The best you can do is probably to turn off ASLR, then filter down to simply the binary you want to see. Here's how I do that:
Ensure your binary is compiled with --no-pie
, then turn off ASLR,
execute it, and have a look at the starting address:
$ echo 0 | sudo tee /proc/sys/kernel/randomize_va_space
$ mandrake --max-instructions 1 --snippit-length 4 elf ./demo2 abc
[...]
{
"starting_address": 93824992235899,
"instructions_executed": 1,
That value is 0x55555555517b
in hex. It might vary for you, so don't use
this command directly if you're following along!

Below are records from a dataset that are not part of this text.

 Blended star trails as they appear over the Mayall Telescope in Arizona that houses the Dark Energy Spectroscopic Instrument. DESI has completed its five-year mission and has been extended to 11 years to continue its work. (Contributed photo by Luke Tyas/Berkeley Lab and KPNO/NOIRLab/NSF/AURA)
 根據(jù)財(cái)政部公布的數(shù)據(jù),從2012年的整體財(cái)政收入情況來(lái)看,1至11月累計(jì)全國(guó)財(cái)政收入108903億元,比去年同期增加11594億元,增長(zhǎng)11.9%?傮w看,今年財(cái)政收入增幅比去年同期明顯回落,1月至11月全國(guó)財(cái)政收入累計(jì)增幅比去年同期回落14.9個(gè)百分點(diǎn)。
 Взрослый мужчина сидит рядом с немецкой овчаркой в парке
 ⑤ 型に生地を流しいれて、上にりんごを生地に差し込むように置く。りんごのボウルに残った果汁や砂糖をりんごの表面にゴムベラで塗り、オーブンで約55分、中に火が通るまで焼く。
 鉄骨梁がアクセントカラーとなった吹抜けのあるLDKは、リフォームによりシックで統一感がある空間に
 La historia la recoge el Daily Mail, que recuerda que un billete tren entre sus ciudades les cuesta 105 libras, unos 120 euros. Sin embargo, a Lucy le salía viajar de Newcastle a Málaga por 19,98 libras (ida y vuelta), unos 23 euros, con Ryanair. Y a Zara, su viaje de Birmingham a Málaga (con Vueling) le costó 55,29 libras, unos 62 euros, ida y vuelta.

By default, Mandrake masks out the last 4 nibbles, meaning effectively the
address is 0x555555550000 when compared. The mask can be changed with
--hidden-mask
if you want, but we don't need to:
$ mandrake --output-format=json --snippit-length 4 elf ./demo2 --visible-address 0x0000555555550000
[...]
{
"starting_address": 93824992235899,
"instructions_executed": 3209,
"success": true,
[...]
Note that while 3209 instructions are executed, the results only contain 13 entries!
Well, you can also output with --output-format=YAML
. :)
We can actually support any type that Serde supports, please file a bug or send a patch if you'd like Pickle or something.

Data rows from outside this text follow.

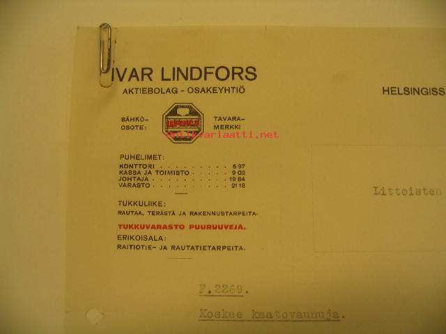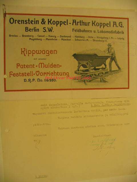 Ivar Linfors / Orenstein & Koppel asiakirja 2.3.1922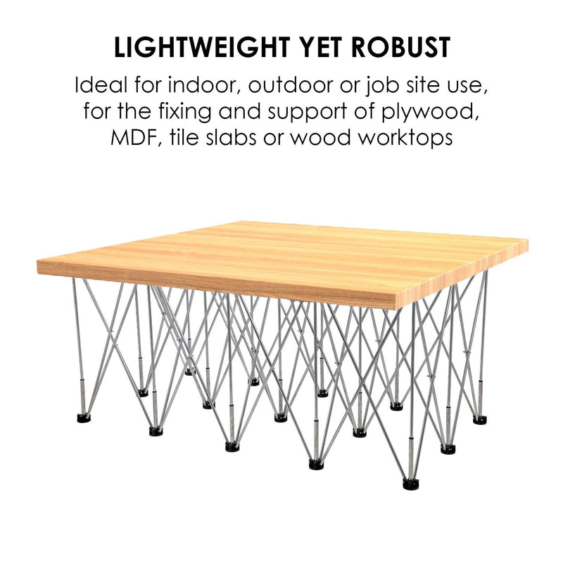 Ideal for indoor, outdoor or job site use, for the fixing and support of plywood, MDF, tile slabs or wood worktops.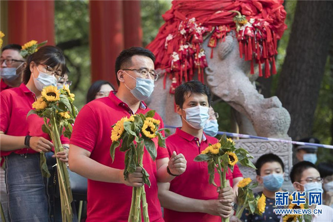 7月8日,在黑龙江省哈尔滨市第三中学考点外,老师拿着向日葵迎接考生。 当日,全国部分地区2020年高考结束。 新华社发(张涛摄)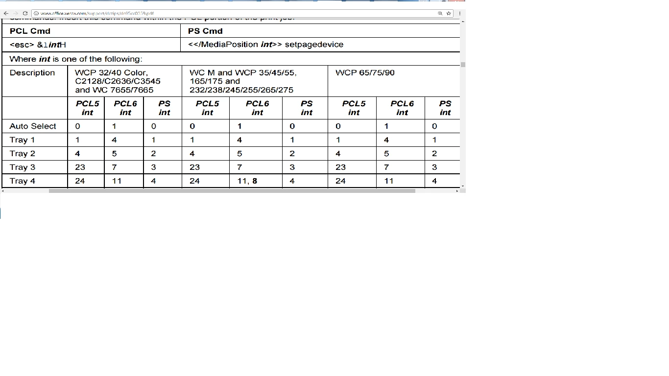 Could you please validate if following PS code which has been sent to printer is correct to take input from tray-2.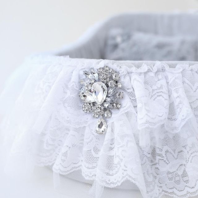 For that beautiful addition to your family, you'll want your pup to have sweet beginnings in our adorable Crib Bed by Hello Doggie, to lull your baby into sweet dreams. Trimmed in two-tiered romantic handmade lace, our cribs also feature a bouquet drop crystal brooch and removable pillow for easy care. Pair with any Hello Doggie Blanket. You'll be the envy of all your friends! Our collection offers four soft colors to choose from.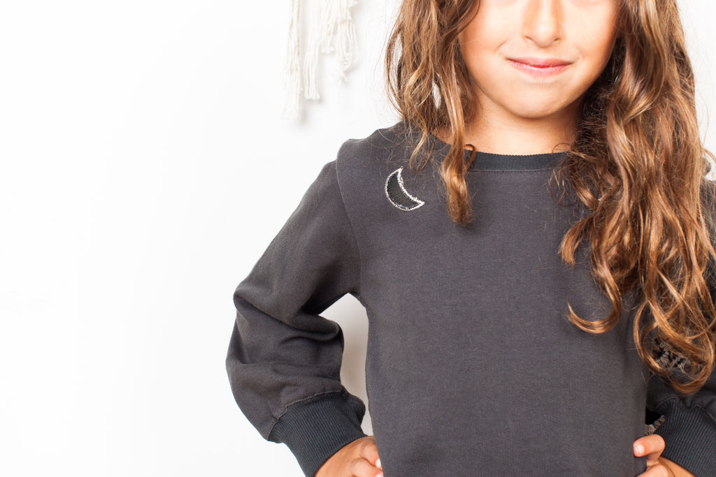 Super cozy washed French Terry fleece pullover, features metallic embroidery design and mesh insets at front and back and a cute puff sleeve.
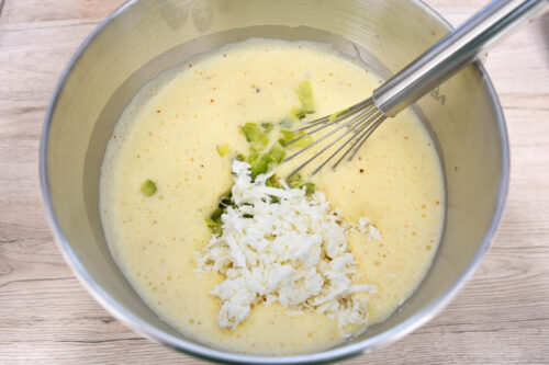 - Den angebratenen Lauch und den geriebenen Feta hinzufügen und miteinander vermischen.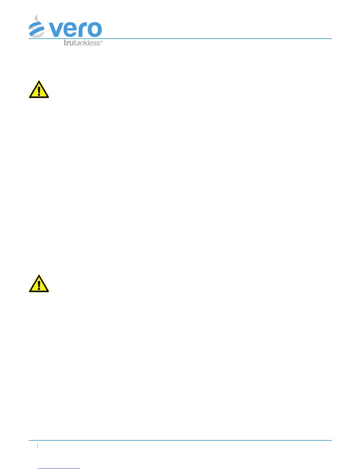 7. Electrical service to the VERO BR/BC trutankless water heater must be in accordance with all applicable national electric

<Edit: I added --output-format=PICKLE
>
But to answer the question.. I dunno! At Counter Hack, we wrapped a web interface around it to teach shellcoding. I bet there are a lot more cool things you can do, though, use your imagination!
If you have the Rust toolchain (cargo
), you don't really need to build it!
It'll automatically build when you cargo run
.
But if you don't want to install cargo
, fear not! You can just run make
in
the root folder, and it should build you a binary release using a Docker
environment (requires Docker).
The build files are copies into the build/ folder when complete.

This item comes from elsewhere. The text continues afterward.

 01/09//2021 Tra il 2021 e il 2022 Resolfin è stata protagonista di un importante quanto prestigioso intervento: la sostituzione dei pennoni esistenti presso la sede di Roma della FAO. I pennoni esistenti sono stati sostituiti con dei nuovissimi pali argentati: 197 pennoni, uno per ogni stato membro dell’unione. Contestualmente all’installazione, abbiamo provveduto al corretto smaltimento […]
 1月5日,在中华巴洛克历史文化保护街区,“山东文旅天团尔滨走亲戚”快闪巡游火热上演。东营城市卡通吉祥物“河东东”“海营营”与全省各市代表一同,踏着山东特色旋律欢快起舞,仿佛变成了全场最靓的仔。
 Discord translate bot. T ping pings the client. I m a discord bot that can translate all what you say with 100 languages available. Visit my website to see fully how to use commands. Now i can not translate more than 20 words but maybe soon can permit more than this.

This is just the output of --help
. Be warned - I might forget to update this,
run the actual application for up-to-date help!
$ mandrake --help
Mandrake 0.1.1
Ron Bowes <ron@counterhack.com>
Mandrake is an open-source machine code analyzer / instrumenter
USAGE:
mandrake [OPTIONS] <SUBCOMMAND>
OPTIONS:
--follow-exec-syscalls
Enable to follow exec syscalls (usually not desirable, because exec starts a process
from scratch and following that is very slow)
-h, --help
Print help information
-i, --max-instructions <MAX_INSTRUCTIONS>
The maximum number of instructions to read before stopping (to prevent infinite loops)
[default: 128]
--ignore-stderr
Don't save output from stderr
--ignore-stdout
Don't save output from stdout
-m, --minimum-viable-string <MINIMUM_VIABLE_STRING>
The number of consecutive ASCII bytes to be considered a string [default: 6]
-o, --output-format <OUTPUT_FORMAT>
The output format ("JSON", "YAML", "Plaintext", or "Pickle") [default: JSON]
-s, --snippit-length <SNIPPIT_LENGTH>
The amount of context memory to read [default: 64]
-V, --version
Print version information
SUBCOMMANDS:
code Analyze raw machine code using a harness
elf Analyze an ELF file (Linux executable)
help Print this message or the help of the given subcommand(s)
$ mandrake code --help
mandrake-code 0.1.1
Ron Bowes <ron@counterhack.com>
Analyze raw machine code using a harness
USAGE:
mandrake code [OPTIONS] <CODE>
ARGS:
<CODE> The code, as a hex string (eg: "4831C0C3")
OPTIONS:
-h, --help Print help information
--harness <HARNESS> The path to the required harness [default: ./harness/harness]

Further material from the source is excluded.